# General > Recipes >  cabbage

## terles

what to do with savoy cabbage? any ideas? ?

----------


## Alrock

Cook it (boil or steam) & eat it (nice with a roast). Or you could always make cabbage soup.

----------


## Dadie

Boil, steam or braise for a while with bacon bits or use in a stir fry ..then open the windows  to let the wind out!
and never ever let the dog eat the leftovers!

----------


## lisagrace

i like it boiled and then covered in butter and black pepper

----------


## arrowsmith

Fry it in butter with black pepper

----------


## Southern-Gal

Fry chopped bacon until crispy then add finely diced onion and carrot and fry until soft. Add finely shredded cabbage (washed and wet) to the pan and allow the frying/fat to steam the cabbage with a lid on. As soon as it has softened a little add double cream and stir. Amazing!  challenge the biggest cabbage hater nt to love it!

----------


## TAFKAL

I'm a bacon gal too. Chop and fry bacon then add shredded cabbage.

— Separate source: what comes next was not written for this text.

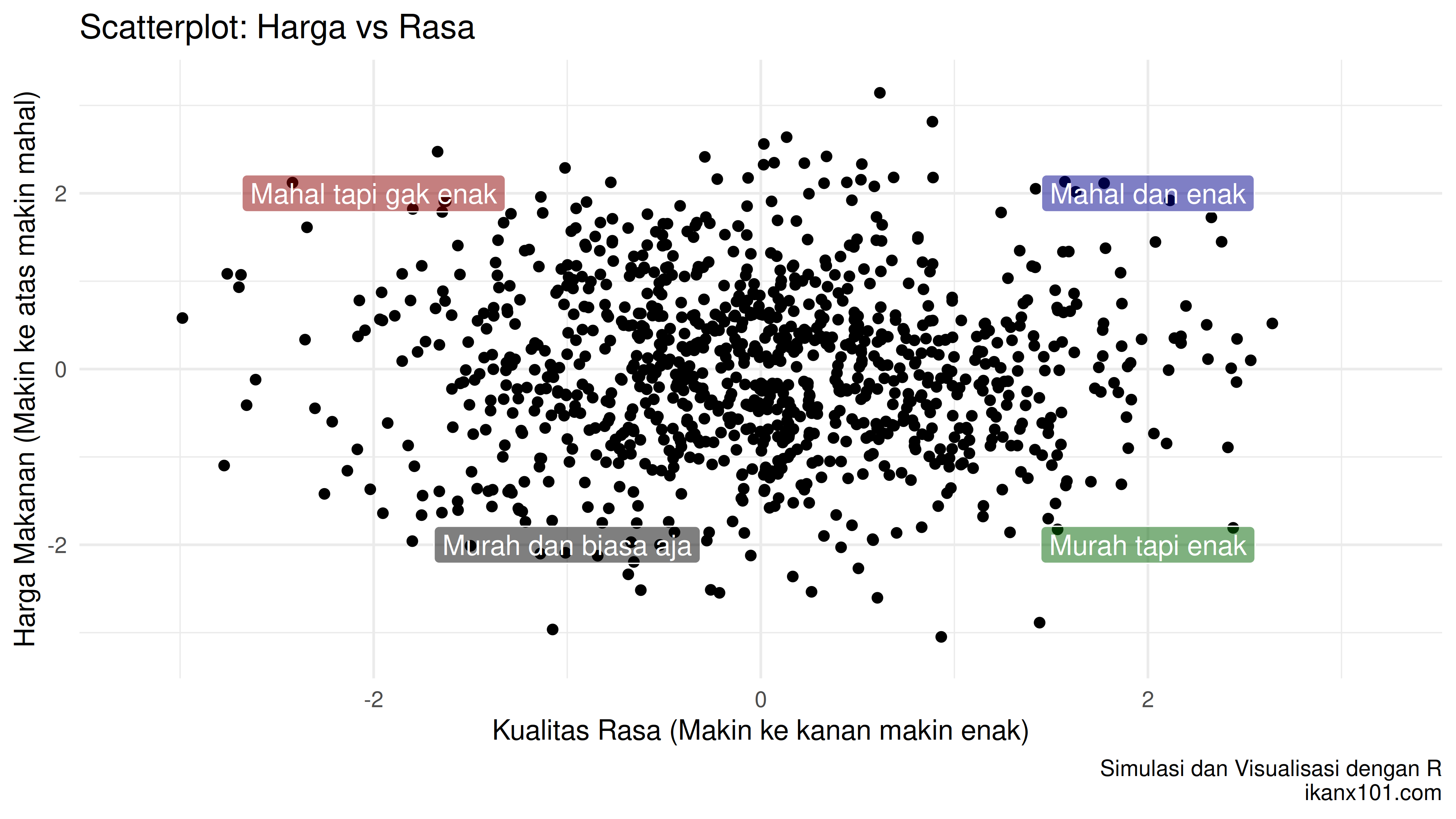 Bayangkan ada ribuan restoran di Jakarta. Secara statistik, rasa dan harga itu harusnya random atau malah seharusnya berkorelasi positif (bahan mahal = rasa lebih enak). Tapi, kita sebagai konsumen hanya akan memesan makanan yang:

Continue to fry until slightly caramelised then add a dash of maple syrup. Mmmmmmm!

----------


## starfish

just boil and have as a normal veg or stuff and steam great veg

----------


## Aaldtimer

I'm reminded of a friend of mine's who's wife was cooking it for the first time.
She put the whole cabbage in a pot with water and couldn't understand why it was taking so long to cook! :: 

PS. She wasn't a blonde!! LOL

----------


## Truewoman

Nigella Lawson's New Orleans Coleslaw is really good:

Ingredients (Serves 6)

1 head white or savoy cabbage, about 1kg before trimming 
2 carrots 
2 sticks celery 
4 spring onions 
200g best-quality store-bought mayonnaise (preferably organic) 
4 x 15ml tablespoons buttermilk 
2 x 15ml tablespoons maple syrup 
2 teaspoons apple or cider vinegar 
100g pecans, fairly finely chopped 
Salt and pepper to taste

Trim and shred the cabbage, either by hand or with a food processor. 
Peel and grate the carrots, and finely slice the celery and spring onions. 
Whisk together the mayonnaise, buttermilk, maple syrup and vinegar and coat the shredded vegetables with this dressing. 
Season, and toss through the chopped nuts.

----------


## shazzap

Juice it. Great for stomachs and ulcers.

----------